Required action:
Without including any images, repeat the data exactly.
Data shown START
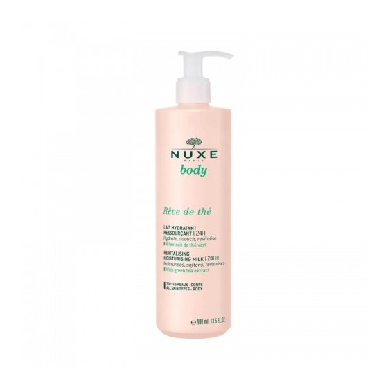 Il Latte Idratante Rigenerante della linea Rêve de Thé di Nuxe è un latte setoso dal tè verde associato a un complesso di zuccheri 100% di origine naturale utile per diffondere un'idratazione 24H. La sua texture fresca e fondente penetra rapidamente, in modo da potersi vestire subito. Il suo delicato profumo apporta ai sensi il pizzico di vitalità del quale hanno bisogno quotidianamente. La fragranza è un profumo rigenerante e irresistibile, con note frizzanti di rabarbaro e di erbe fresche intorno a un rinfrescante cuore di tè.
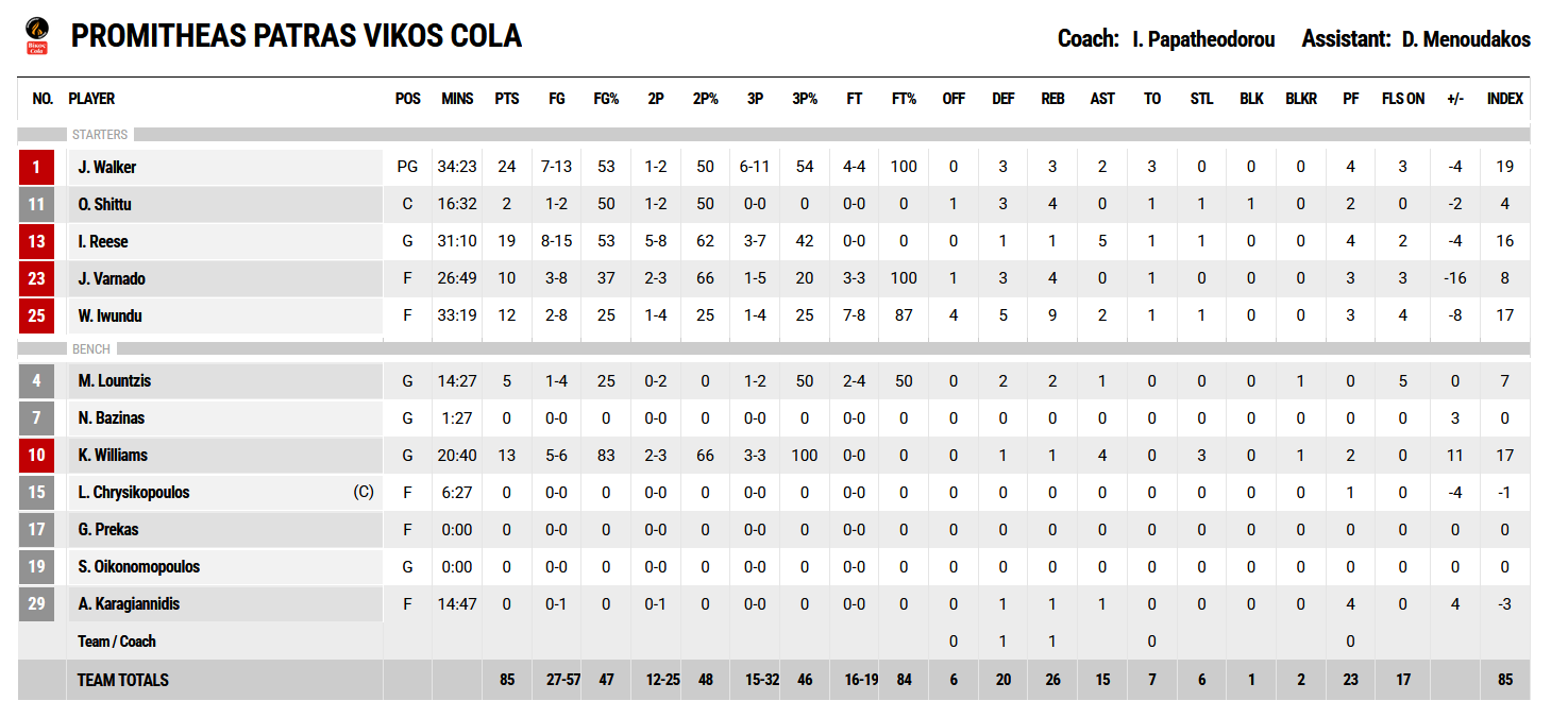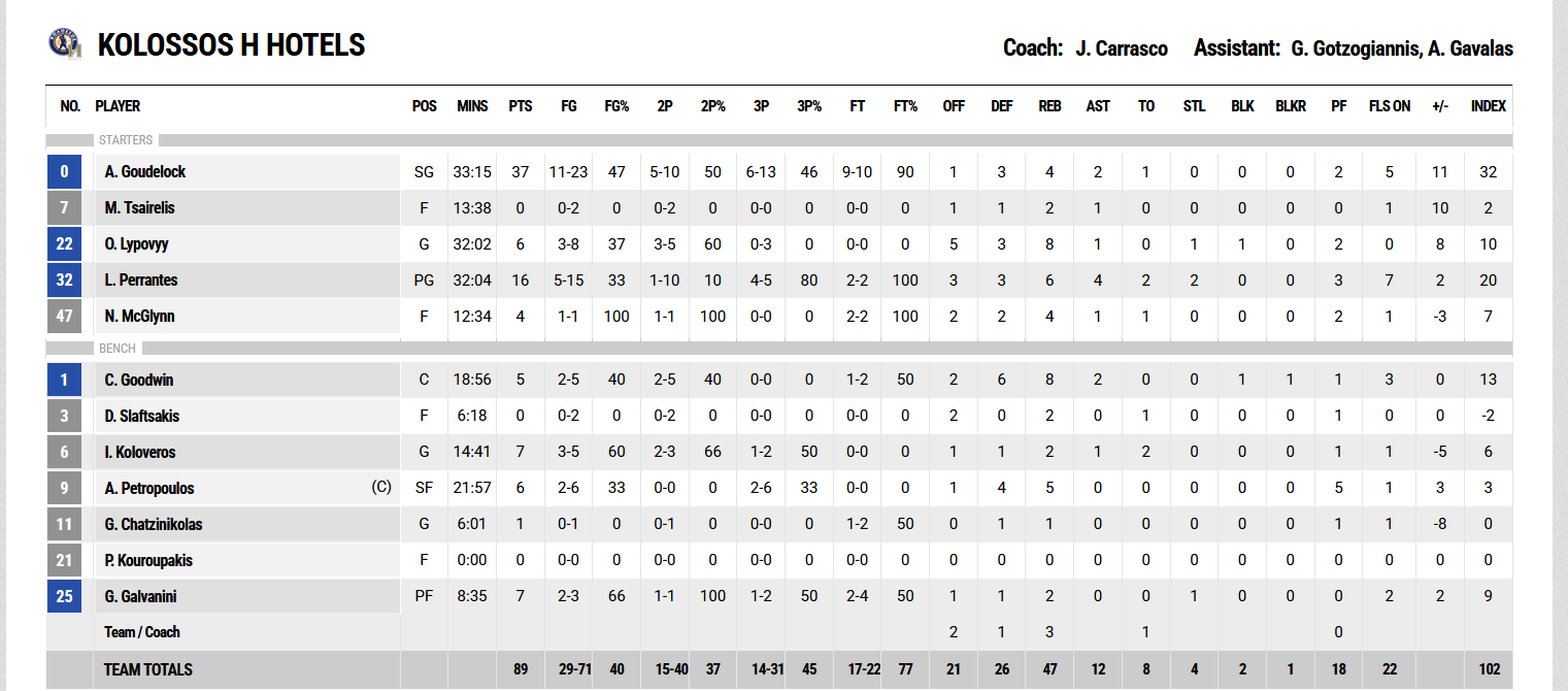 Ξεχώρισαν: Aπό Κολοσσό Παρέντες με 16 πόντους, 6 ριμπάουντ, 4 ασίστ και 4/5 τρίποντα και από τον Προμηθέα ο Τζόρνταν Γουόκερ με 24 πόντους, 3 ριμπάουντ, 4/4 ελεύθερες βολές και 6/11 τρίποντα
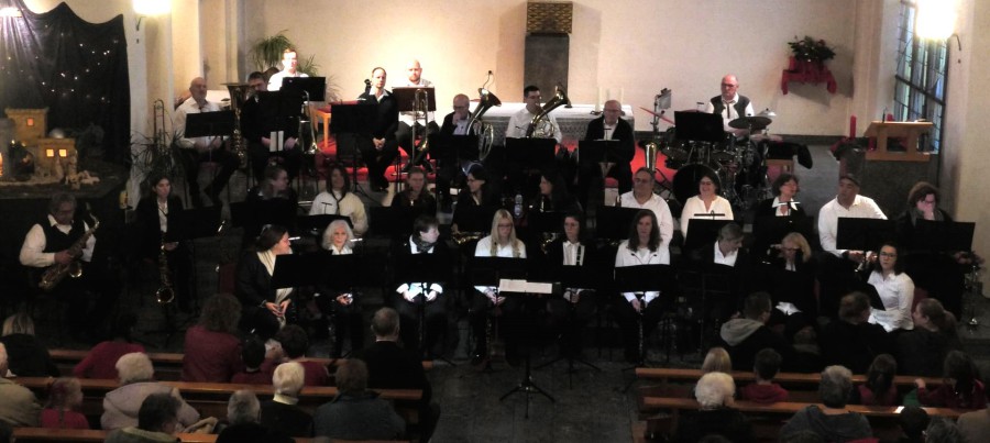 Mit den Stücken „A Trilogy of English Carols“ sowie „White Christmas“ von Irving Berlin leistete der Musikverein mit dem Orchester der Musikgemeinschaft
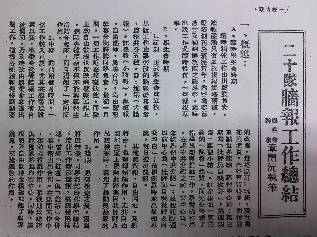 在一次小组讨论上,第20队(不是我在的那个小组)一个来自中央政治大学的叫做黄贲的同学发言,认为马克思主义不但要认识世界,还要改造世界,这是非常好的,问题是,马克思主义把人类社会分成五种形态,这是不是一种教条或者图谱呢?他的发言在小组内引发了讨论,也引起队上领导的重视。牟政找到我,对我讲:“学员中怀疑马克思主义的情况似乎比较普遍,需要作一些引导。你从中学起就办墙报,能否就此事办一期?最好不要用批判的方式,而是用讨论的方式,引导大家正确认识马克思主义,文章以短小精干为主。”
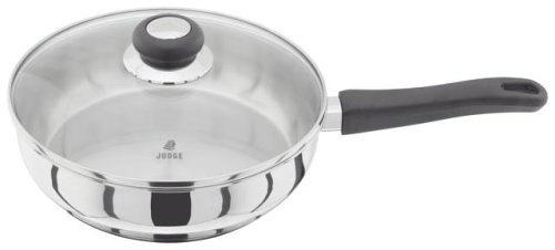 This 24cm saute pan from the Judge Vista range is made from 18/10 stainless steel and has a vented glass lid to allow you to monitor your cooking. With cool knobs and handles in a black Phenolic finish, this is a versatile and attractive saute pan.
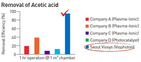 下圖是首爾Viosys的Viophoton技術(shù)與其他公司技術(shù)方案對(duì)甲醛、氨、乙酸等物質(zhì)的祛除率比較,可以看到,Viophoton技術(shù)明顯優(yōu)于其他方案。
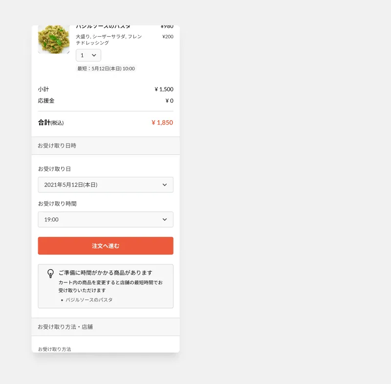 最短受け渡し日時でしか注文できない設定ができるようになります。
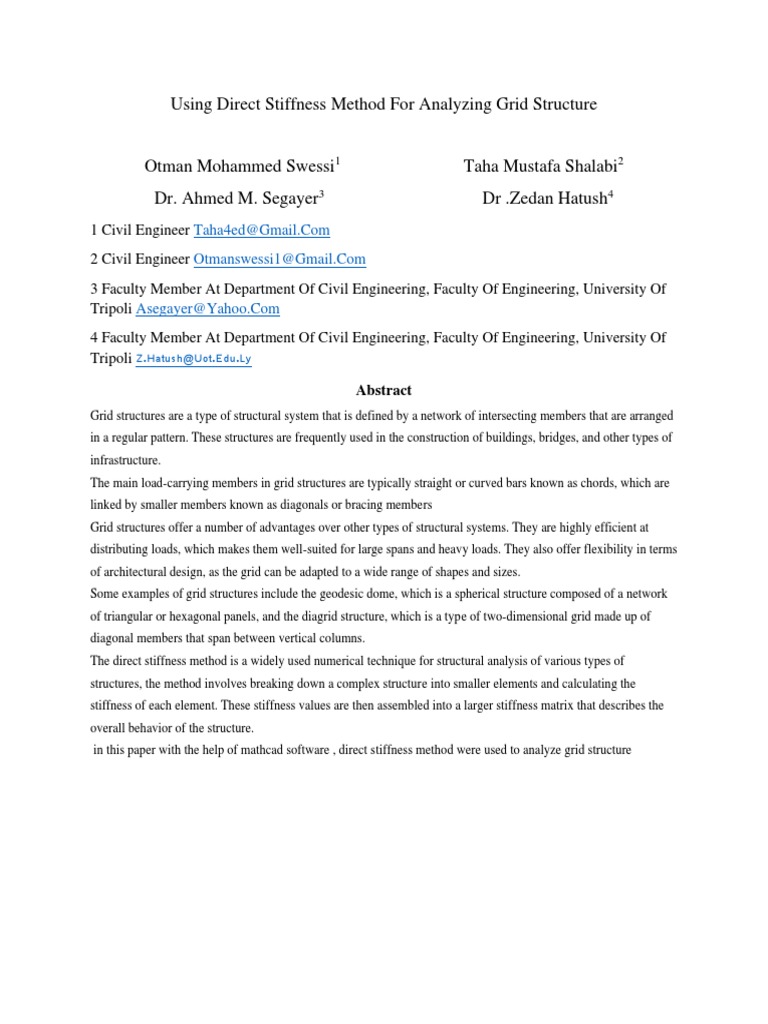 in this paper with the help of mathcad software , direct stiffness method were used to analyze grid structure
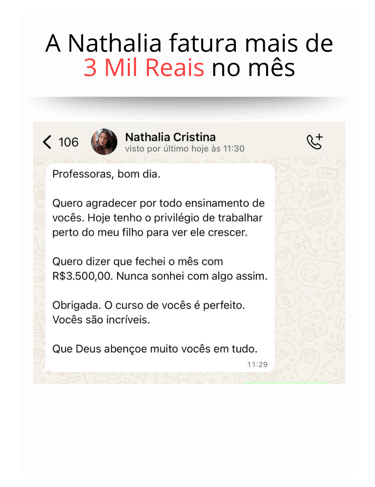 Eu acredito que você não quer mais viver assim. Você merece ter uma renda própria, trabalhando em casa, perto dos seus filhos, sem precisar de grandes investimentos.
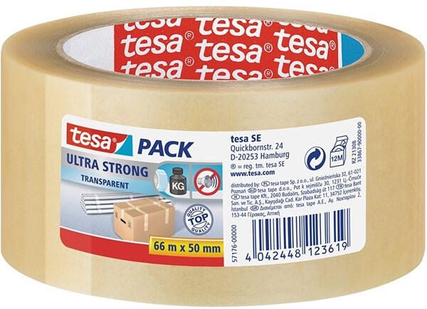 Tesa 57176 50mmx66 m ultraerős átlátszó csomagzáró szalag Nagy szakítószilárdságú PVC-hordozó A természetes gumiragasztó kitűnő tapadást biztosít Biztonságos lezárás Nehéz tárgyak csomagolásához és összekötéséhez Egyenletes, halk letekercselés Használja ezt a rendkívül szakadásálló csomagolószalagot nehéz áruk és bármilyen biztonságos lezárást igénylő
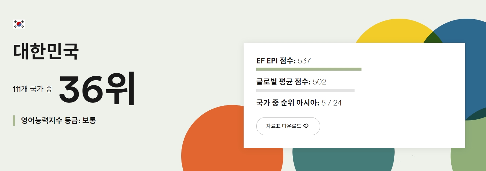 하지만, 증가하는 사교육비와는 달리 영어능력지수 국가별 랭킹은 세계 36위로 나타났습니다. 이는 전체 국가들 중에서 평균에 해당합니다. 아시아 국가 중에서는 5위입니다. 사교육비가 영어능력 향상에 크게 도움이 되는 것 같지는 않아 보입니다.
Data shown END
Answer space:
 Il Latte Idratante Rigenerante della linea Rêve de Thé di Nuxe è un latte setoso dal tè verde associato a un complesso di zuccheri 100% di origine naturale utile per diffondere un'idratazione 24H. La sua texture fresca e fondente penetra rapidamente, in modo da potersi vestire subito. Il suo delicato profumo apporta ai sensi il pizzico di vitalità del quale hanno bisogno quotidianamente. La fragranza è un profumo rigenerante e irresistibile, con note frizzanti di rabarbaro e di erbe fresche intorno a un rinfrescante cuore di tè.
 Ξεχώρισαν: Aπό Κολοσσό Παρέντες με 16 πόντους, 6 ριμπάουντ, 4 ασίστ και 4/5 τρίποντα και από τον Προμηθέα ο Τζόρνταν Γουόκερ με 24 πόντους, 3 ριμπάουντ, 4/4 ελεύθερες βολές και 6/11 τρίποντα
 Mit den Stücken „A Trilogy of English Carols“ sowie „White Christmas“ von Irving Berlin leistete der Musikverein mit dem Orchester der Musikgemeinschaft
 在一次小组讨论上,第20队(不是我在的那个小组)一个来自中央政治大学的叫做黄贲的同学发言,认为马克思主义不但要认识世界,还要改造世界,这是非常好的,问题是,马克思主义把人类社会分成五种形态,这是不是一种教条或者图谱呢?他的发言在小组内引发了讨论,也引起队上领导的重视。牟政找到我,对我讲:“学员中怀疑马克思主义的情况似乎比较普遍,需要作一些引导。你从中学起就办墙报,能否就此事办一期?最好不要用批判的方式,而是用讨论的方式,引导大家正确认识马克思主义,文章以短小精干为主。”
 This 24cm saute pan from the Judge Vista range is made from 18/10 stainless steel and has a vented glass lid to allow you to monitor your cooking. With cool knobs and handles in a black Phenolic finish, this is a versatile and attractive saute pan.
 下圖是首爾Viosys的Viophoton技術(shù)與其他公司技術(shù)方案對(duì)甲醛、氨、乙酸等物質(zhì)的祛除率比較,可以看到,Viophoton技術(shù)明顯優(yōu)于其他方案。
 最短受け渡し日時でしか注文できない設定ができるようになります。
 in this paper with the help of mathcad software , direct stiffness method were used to analyze grid structure
 Eu acredito que você não quer mais viver assim. Você merece ter uma renda própria, trabalhando em casa, perto dos seus filhos, sem precisar de grandes investimentos.
 Tesa 57176 50mmx66 m ultraerős átlátszó csomagzáró szalag Nagy szakítószilárdságú PVC-hordozó A természetes gumiragasztó kitűnő tapadást biztosít Biztonságos lezárás Nehéz tárgyak csomagolásához és összekötéséhez Egyenletes, halk letekercselés Használja ezt a rendkívül szakadásálló csomagolószalagot nehéz áruk és bármilyen biztonságos lezárást igénylő
 하지만, 증가하는 사교육비와는 달리 영어능력지수 국가별 랭킹은 세계 36위로 나타났습니다. 이는 전체 국가들 중에서 평균에 해당합니다. 아시아 국가 중에서는 5위입니다. 사교육비가 영어능력 향상에 크게 도움이 되는 것 같지는 않아 보입니다.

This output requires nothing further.